3. Form a plan with your partner for exercising both outdoors and indoors.

Find activities you both enjoy, like bowling, tennis, running or swimming. If you have a dog, take it for walks together. If you don't, plan to go for after-dinner walks as a couple, especially when the weather is nice.

4. Shop and prepare foods smarter.

Go grocery shopping together, and make a list of what you need before you head to the store; this will help you avoid impulse buys.

Make meal prep a couples activity. Just don't prepare more food than either partner should eat unless it is for more than one meal.

Planning ahead for the week's meals is another great way to help you both on track. Look for healthy recipes you can make in larger batches, then divide into individual portions and refrigerate or freeze.

5. Discuss ways to change eating habits.

Once a week, substitute a healthful food, such as fresh fruit, for a less healthful one, such as potato chips. 

6. Rethink eating out.

You may eat out, but discuss how to make healthy menu choices or special requests, like putting sauces on the side or not including certain toppings.

For instance, if a meal comes with French fries or mashed potatoes, ask if you can get a side salad (just don't drown it in dressing) or steamed veggies instead. 

The good news is that many restaurants now include the calorie counts on their menus, so you can avoid consuming an entire day's worth of calories in one meal. 

And, of course, don't tempt each other by ordering a decadent dessert.
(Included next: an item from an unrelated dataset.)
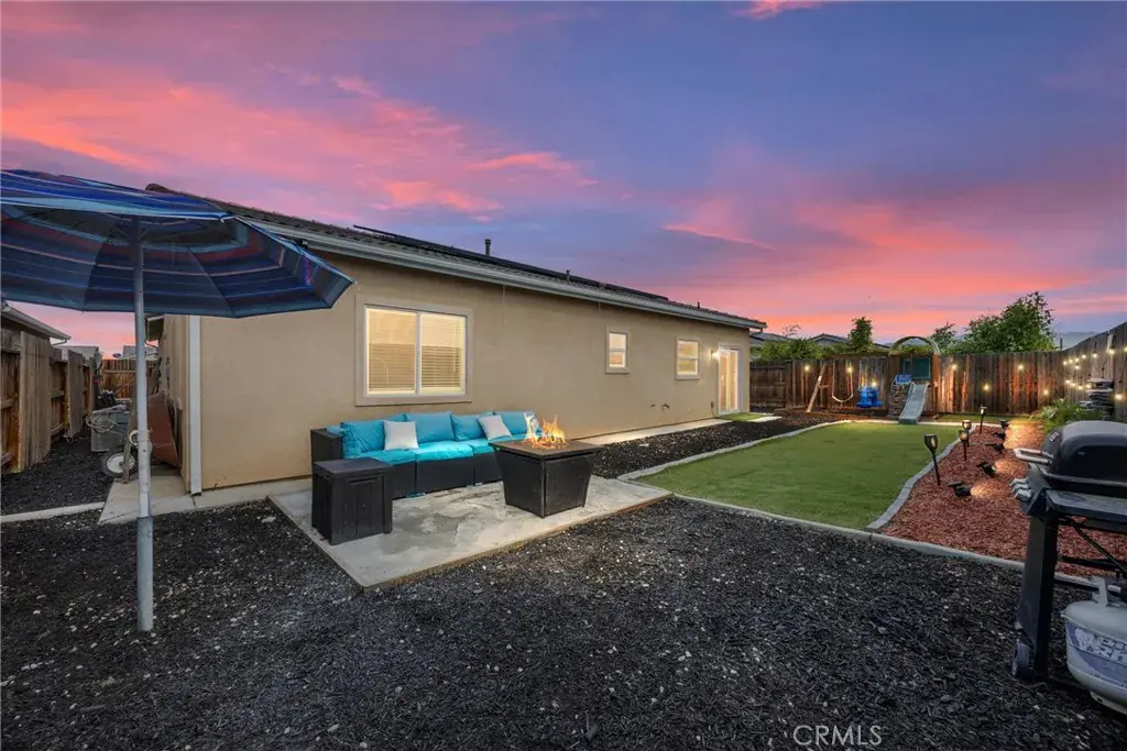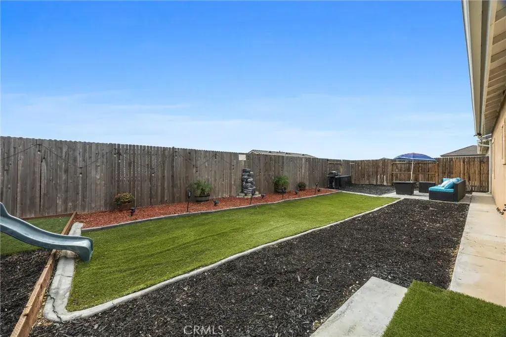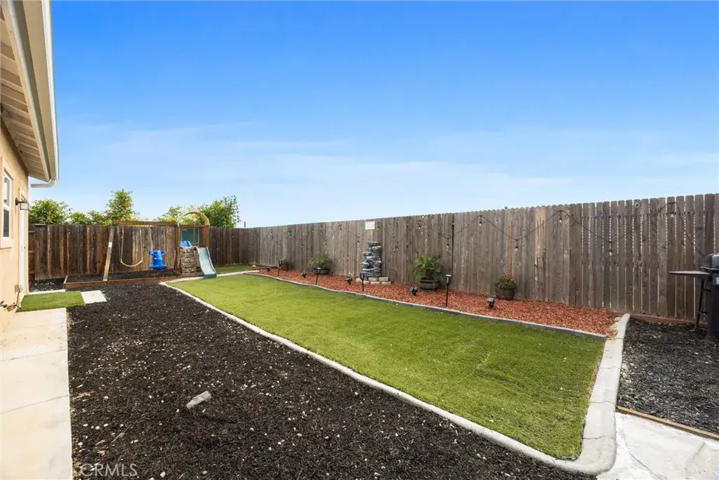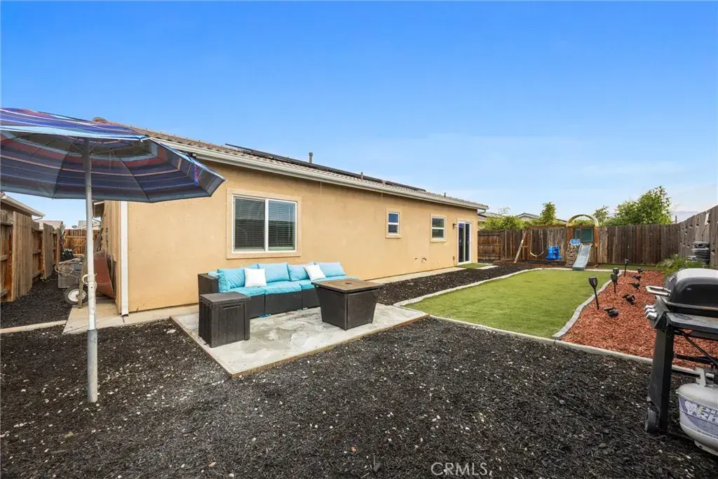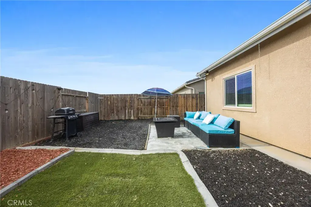 Welcome to 9907 Turning Leaf Ln in Bakersfield, a beautiful 4-bedroom, 2-bath home that blends modern updates with everyday functionality. Recently repainted inside and out, this home features leased Tesla (SolarCity) solar panels, a fully fenced backyard with drought-efficient faux grass, and a refreshed front yard with an expanded driveway. The open kitchen offers stainless steel appliances including the refrigerator and gas stove, modern lighting, and electrical already in place for a future island. Both bathrooms include high-efficiency toilets, updated fixtures, and a shower and tub combination in the primary suite with a closet conveniently located just off the bathroom. Additional features include smart switches compatible with Alexa, updated lighting throughout, an electric fireplace, and a laundry room (W/D included) that leads directly to the two-car garage with built-in shelving and extra storage. The side yard offers approximately 13 feet of space, providing potential for RV or truck parking. Located in a quiet, established neighborhood close to parks and schools, this home combines comfort, efficiency, and style in one inviting package.

It's a lot easier for each of you to resist if you both just say no. If you're craving something sweet after dinner, try a piece of whole fruit or a bowl of berries.  

7. Explore new restaurants.

Look for restaurants in your area that serve up healthier fare; you might find some new favorite places to dine.

8. Downsize your orders.

Share a dish at a restaurant to reduce portion sizes. Or ask the server to pack up half of your meal before you even see it.
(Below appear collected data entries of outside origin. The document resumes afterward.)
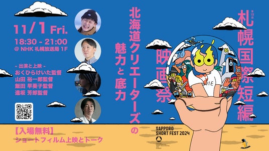つきましては、11月1日(金)18時30分よりNHK札幌放送局との共催で、オンライン上映のキックオフイベント「北海道クリエーターズの魅力と底力」を、NHK札幌放送局 8K公開スタジオにて開催いたします。
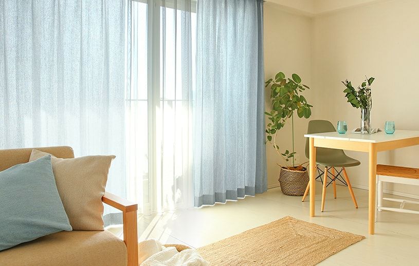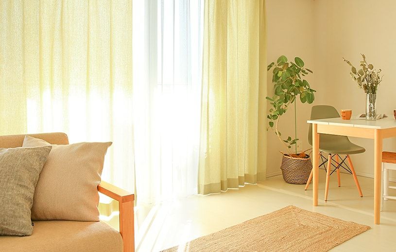 リビングなど、いつも人が集まる空間は明るいお部屋でありたい。そんな暮らしにおすすめのドレープカーテンです。
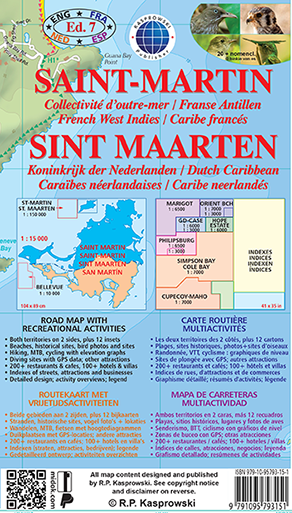 This first and only complete road map with a street index of Saint Eustatius (Statia), Dutch Caribbean, includes hiking trails, diving sites, historic places, national parks, and many other natural features.
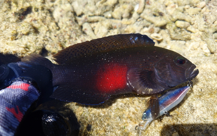 이번 여행에서 약 200마리를 낚아낸 소형 그루퍼. 열대 해역 어디서든 쉽게 만날 수 있는 매우 공격적인 어종이다.
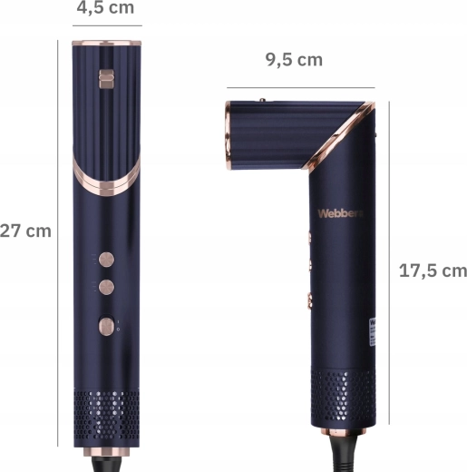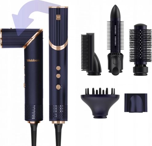 Universele föhn en multistyler 5-in-1 Webber CELIA voor snel drogen en precieze styling. Biedt 3 luchtstroomstanden, 3 temperatuurstanden, ionisatie, Ultra‑Silence-technologie, oververhittingsbeveiliging en een uitgebreide set opzetstukken: diffuser, concentrator, platte borstel, roterende borstel en ronde borstel. Lange 3 m kabel en koude‑luchtknop voor perfecte fixatie van het kapsel.

9. Don't gobble your food.

Eat slowly and enjoy each other's company. Take sips of water throughout your meal, don't talk with your mouth full, and put the fork down between mouthfuls. 

10.  Take a lighter approach to party food.

When entertaining in your home or bringing a dish to a friend's home for a potluck, choose heart-healthy recipes. For appetizers, you can't go wrong with fresh veggies and light yogurt dip; hummus and whole wheat pita; or fresh fruit salad.  

If you're hosting a party, buy a bunch of takeout containers and send leftovers home with your guests.

11. Motivate each other, but don't nag!

Use past successes as examples to help you continue moving forward. If setbacks occur, that doesn't mean you've failed. It's important to start again.

Also, try to avoid being competitive about reaching any goals you set. As long as you're both getting healthier, and enjoying each other's company, you're on the right track.